(Excerpted records Opens)

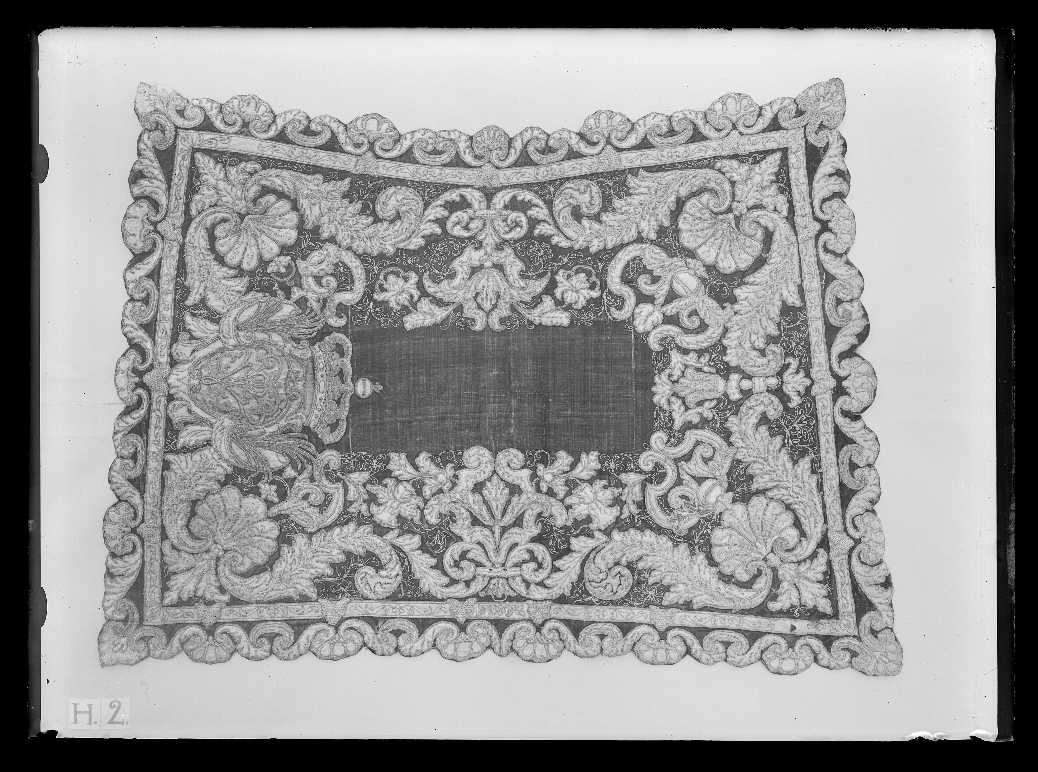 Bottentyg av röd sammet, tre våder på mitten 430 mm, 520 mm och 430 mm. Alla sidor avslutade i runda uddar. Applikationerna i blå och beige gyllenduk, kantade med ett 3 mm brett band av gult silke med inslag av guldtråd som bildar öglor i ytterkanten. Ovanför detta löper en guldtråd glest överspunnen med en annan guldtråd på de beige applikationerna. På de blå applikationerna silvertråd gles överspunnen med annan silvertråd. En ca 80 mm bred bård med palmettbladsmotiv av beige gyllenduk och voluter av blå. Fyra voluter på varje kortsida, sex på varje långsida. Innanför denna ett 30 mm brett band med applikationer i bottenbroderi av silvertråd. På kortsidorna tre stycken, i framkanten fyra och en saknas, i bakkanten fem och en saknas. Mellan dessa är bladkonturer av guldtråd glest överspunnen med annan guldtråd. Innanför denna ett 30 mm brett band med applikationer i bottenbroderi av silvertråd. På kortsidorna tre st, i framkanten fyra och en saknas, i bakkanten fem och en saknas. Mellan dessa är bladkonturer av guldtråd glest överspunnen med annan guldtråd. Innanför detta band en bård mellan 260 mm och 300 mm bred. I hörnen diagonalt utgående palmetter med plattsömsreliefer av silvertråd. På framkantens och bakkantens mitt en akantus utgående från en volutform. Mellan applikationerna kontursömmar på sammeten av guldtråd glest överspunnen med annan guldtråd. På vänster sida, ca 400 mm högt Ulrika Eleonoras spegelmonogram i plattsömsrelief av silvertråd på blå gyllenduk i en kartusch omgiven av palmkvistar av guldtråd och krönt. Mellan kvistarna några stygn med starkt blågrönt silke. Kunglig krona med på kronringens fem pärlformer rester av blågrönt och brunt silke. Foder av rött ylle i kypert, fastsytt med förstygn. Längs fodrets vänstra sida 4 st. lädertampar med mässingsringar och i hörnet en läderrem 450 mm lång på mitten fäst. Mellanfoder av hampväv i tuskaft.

(Excerpted records Closes)
(Excerpted records Opens)

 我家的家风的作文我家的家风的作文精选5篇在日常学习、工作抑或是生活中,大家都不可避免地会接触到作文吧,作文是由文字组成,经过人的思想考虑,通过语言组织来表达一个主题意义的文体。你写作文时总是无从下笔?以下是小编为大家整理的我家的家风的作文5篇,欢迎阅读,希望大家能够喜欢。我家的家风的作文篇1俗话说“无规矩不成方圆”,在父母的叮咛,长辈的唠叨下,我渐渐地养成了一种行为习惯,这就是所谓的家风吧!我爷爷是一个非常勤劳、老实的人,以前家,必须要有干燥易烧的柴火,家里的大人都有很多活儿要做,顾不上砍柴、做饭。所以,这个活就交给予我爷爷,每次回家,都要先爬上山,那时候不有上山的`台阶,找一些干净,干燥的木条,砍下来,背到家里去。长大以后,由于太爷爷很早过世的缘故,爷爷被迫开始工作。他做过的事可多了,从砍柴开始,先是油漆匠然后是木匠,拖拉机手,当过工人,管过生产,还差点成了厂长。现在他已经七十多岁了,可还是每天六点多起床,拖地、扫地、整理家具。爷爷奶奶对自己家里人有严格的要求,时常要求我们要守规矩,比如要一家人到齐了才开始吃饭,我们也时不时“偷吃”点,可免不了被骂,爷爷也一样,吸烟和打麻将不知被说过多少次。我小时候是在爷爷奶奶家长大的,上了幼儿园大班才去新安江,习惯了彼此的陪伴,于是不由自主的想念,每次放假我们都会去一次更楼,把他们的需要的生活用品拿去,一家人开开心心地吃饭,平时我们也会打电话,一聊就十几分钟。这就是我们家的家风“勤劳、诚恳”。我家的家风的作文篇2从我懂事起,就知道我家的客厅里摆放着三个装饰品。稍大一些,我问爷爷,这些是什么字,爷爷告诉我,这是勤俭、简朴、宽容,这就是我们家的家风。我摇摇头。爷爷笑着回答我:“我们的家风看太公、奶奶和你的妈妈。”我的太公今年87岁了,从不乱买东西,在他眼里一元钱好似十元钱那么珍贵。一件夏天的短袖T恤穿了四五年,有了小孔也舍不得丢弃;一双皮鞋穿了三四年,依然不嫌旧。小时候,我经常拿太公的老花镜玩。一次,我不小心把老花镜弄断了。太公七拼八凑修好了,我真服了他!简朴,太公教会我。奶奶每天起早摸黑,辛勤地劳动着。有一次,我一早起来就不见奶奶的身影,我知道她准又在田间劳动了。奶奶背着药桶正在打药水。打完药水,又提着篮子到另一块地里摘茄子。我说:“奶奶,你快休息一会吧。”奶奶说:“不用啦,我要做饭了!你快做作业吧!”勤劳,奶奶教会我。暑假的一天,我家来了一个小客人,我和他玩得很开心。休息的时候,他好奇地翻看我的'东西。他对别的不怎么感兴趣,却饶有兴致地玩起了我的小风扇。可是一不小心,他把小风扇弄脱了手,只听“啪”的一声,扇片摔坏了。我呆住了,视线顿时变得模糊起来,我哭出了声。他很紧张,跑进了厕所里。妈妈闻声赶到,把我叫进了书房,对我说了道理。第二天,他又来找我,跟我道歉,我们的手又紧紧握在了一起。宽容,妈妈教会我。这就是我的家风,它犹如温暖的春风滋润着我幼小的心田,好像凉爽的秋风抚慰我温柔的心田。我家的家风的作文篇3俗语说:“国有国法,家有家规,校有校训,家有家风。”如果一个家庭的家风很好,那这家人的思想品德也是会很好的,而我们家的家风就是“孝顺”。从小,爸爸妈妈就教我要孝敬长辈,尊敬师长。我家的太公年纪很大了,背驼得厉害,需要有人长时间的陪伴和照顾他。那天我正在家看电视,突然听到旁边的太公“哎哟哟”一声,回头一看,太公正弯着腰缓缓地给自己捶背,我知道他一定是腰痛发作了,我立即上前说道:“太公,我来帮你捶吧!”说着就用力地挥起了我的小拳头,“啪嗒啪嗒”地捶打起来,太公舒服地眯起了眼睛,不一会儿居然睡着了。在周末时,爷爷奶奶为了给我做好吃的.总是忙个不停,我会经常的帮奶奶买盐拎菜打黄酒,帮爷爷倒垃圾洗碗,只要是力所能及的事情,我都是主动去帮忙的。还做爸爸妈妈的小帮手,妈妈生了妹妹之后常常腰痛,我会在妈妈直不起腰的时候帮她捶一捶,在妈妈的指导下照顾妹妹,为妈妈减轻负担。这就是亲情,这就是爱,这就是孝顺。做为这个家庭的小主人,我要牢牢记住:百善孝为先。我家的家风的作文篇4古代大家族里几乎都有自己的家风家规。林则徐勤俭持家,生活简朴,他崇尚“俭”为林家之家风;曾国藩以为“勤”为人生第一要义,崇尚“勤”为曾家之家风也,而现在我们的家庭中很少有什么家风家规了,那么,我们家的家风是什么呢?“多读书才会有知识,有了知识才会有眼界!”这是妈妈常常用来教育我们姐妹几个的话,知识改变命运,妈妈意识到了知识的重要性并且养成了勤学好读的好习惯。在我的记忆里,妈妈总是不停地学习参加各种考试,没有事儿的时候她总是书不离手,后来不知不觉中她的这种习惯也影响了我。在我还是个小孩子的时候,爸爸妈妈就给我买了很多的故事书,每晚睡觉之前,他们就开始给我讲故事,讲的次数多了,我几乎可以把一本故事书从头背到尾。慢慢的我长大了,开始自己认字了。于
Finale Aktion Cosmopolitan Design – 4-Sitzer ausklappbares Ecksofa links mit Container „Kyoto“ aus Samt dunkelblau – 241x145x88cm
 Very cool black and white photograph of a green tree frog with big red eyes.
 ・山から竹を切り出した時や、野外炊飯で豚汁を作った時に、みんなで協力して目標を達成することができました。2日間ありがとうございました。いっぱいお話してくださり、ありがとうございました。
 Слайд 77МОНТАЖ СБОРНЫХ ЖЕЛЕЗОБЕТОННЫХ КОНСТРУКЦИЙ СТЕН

(Excerpted records Closes)
(Excerpted records Opens)

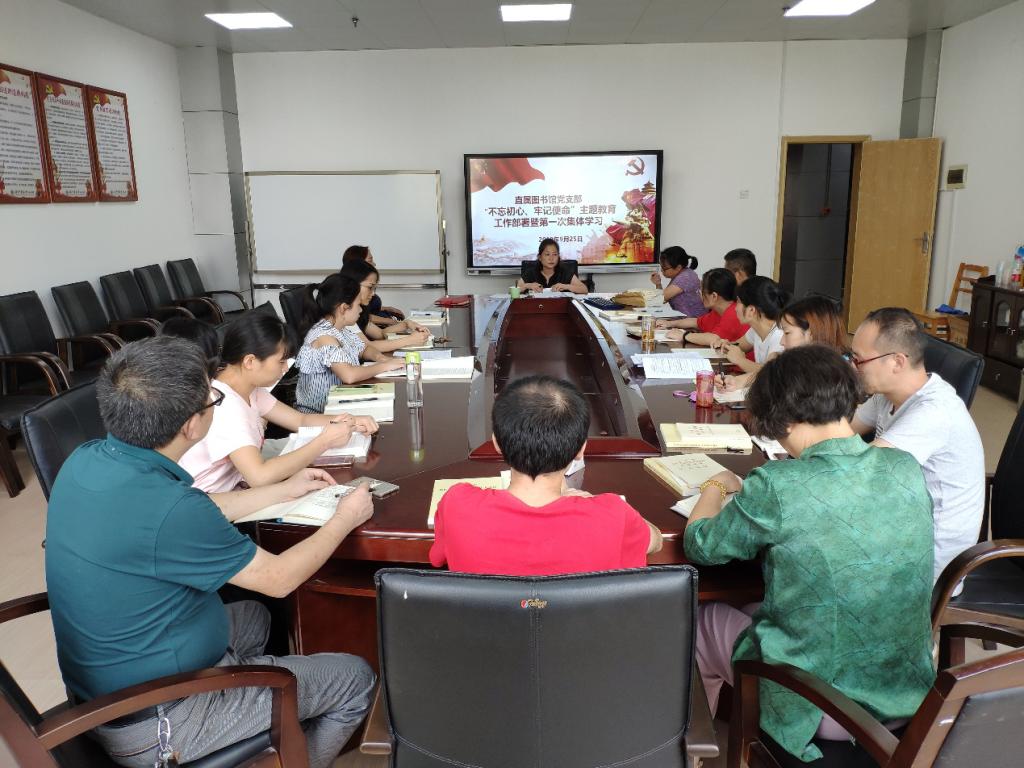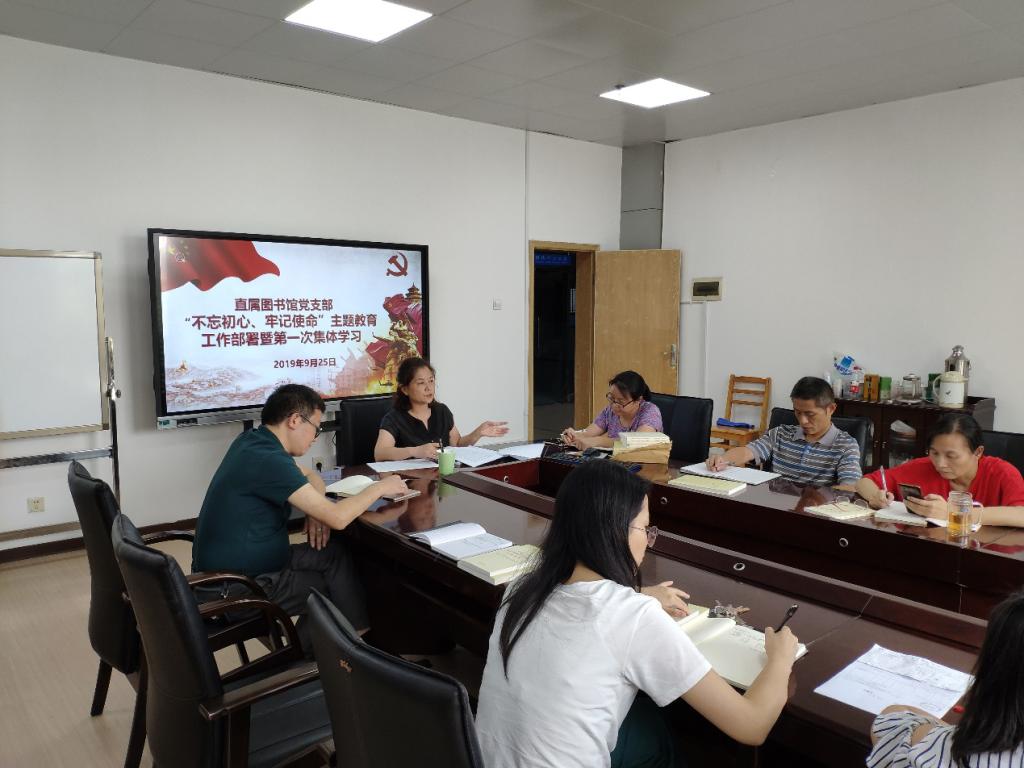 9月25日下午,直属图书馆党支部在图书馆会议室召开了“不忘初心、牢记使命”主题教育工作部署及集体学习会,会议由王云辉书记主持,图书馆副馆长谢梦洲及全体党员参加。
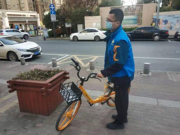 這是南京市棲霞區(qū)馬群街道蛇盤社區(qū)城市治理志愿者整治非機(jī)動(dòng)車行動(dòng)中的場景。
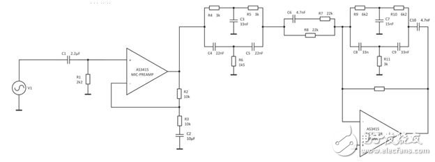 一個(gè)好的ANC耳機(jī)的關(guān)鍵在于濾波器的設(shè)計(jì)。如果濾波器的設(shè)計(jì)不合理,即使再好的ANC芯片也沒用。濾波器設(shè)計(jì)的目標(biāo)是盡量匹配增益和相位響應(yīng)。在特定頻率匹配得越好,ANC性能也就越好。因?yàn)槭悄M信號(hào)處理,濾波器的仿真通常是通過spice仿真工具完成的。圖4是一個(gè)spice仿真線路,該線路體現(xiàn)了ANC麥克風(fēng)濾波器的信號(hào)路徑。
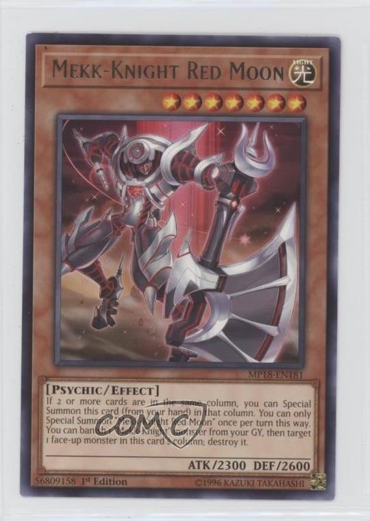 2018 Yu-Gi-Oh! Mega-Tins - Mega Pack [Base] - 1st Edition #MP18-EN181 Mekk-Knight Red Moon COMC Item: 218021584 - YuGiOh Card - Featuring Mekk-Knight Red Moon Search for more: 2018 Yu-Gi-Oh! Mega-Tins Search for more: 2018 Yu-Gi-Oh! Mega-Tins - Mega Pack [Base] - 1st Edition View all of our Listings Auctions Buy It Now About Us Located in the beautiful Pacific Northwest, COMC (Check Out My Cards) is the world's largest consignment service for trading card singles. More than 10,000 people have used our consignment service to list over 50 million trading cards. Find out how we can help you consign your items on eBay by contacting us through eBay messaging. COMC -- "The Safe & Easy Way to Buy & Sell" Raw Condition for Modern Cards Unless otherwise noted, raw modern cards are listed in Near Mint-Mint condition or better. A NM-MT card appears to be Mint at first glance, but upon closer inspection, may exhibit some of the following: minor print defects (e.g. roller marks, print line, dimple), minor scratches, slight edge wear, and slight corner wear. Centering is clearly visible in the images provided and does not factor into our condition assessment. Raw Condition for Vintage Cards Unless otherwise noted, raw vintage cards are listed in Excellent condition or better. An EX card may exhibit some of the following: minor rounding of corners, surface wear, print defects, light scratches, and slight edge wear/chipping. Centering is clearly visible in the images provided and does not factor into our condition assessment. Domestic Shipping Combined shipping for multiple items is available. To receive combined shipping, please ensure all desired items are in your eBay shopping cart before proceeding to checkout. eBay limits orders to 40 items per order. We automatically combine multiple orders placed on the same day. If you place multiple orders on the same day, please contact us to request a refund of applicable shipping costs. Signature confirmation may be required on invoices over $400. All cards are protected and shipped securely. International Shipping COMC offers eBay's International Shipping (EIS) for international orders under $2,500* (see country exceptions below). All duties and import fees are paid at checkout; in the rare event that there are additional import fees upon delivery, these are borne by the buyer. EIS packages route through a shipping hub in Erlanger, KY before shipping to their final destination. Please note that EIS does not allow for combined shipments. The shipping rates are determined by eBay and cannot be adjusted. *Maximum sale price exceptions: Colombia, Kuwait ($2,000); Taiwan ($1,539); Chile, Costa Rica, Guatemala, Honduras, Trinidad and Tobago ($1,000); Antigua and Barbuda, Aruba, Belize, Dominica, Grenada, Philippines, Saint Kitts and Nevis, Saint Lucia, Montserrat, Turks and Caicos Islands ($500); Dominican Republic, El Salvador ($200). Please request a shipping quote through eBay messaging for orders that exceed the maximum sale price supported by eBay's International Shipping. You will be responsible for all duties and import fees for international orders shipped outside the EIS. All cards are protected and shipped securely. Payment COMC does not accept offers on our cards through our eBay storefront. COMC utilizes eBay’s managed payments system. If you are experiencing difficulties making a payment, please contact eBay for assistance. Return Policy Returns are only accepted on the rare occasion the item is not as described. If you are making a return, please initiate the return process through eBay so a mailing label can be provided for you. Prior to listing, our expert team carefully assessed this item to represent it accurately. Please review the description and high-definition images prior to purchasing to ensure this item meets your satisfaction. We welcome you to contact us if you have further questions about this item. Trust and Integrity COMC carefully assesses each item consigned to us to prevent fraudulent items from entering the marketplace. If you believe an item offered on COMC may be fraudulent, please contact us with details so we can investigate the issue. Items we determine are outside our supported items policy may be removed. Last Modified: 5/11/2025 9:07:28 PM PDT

(Excerpted records Closes)

- [What to work on]
Beginning with the line above that contains "9月25日下午,直属图书馆党" and ending with the line that contains "這是南京市棲霞區(qū)馬群", quote each line exactly, keeping out the pictures.

- [Answer for this exercise]
 9月25日下午,直属图书馆党支部在图书馆会议室召开了“不忘初心、牢记使命”主题教育工作部署及集体学习会,会议由王云辉书记主持,图书馆副馆长谢梦洲及全体党员参加。
 這是南京市棲霞區(qū)馬群街道蛇盤社區(qū)城市治理志愿者整治非機(jī)動(dòng)車行動(dòng)中的場景。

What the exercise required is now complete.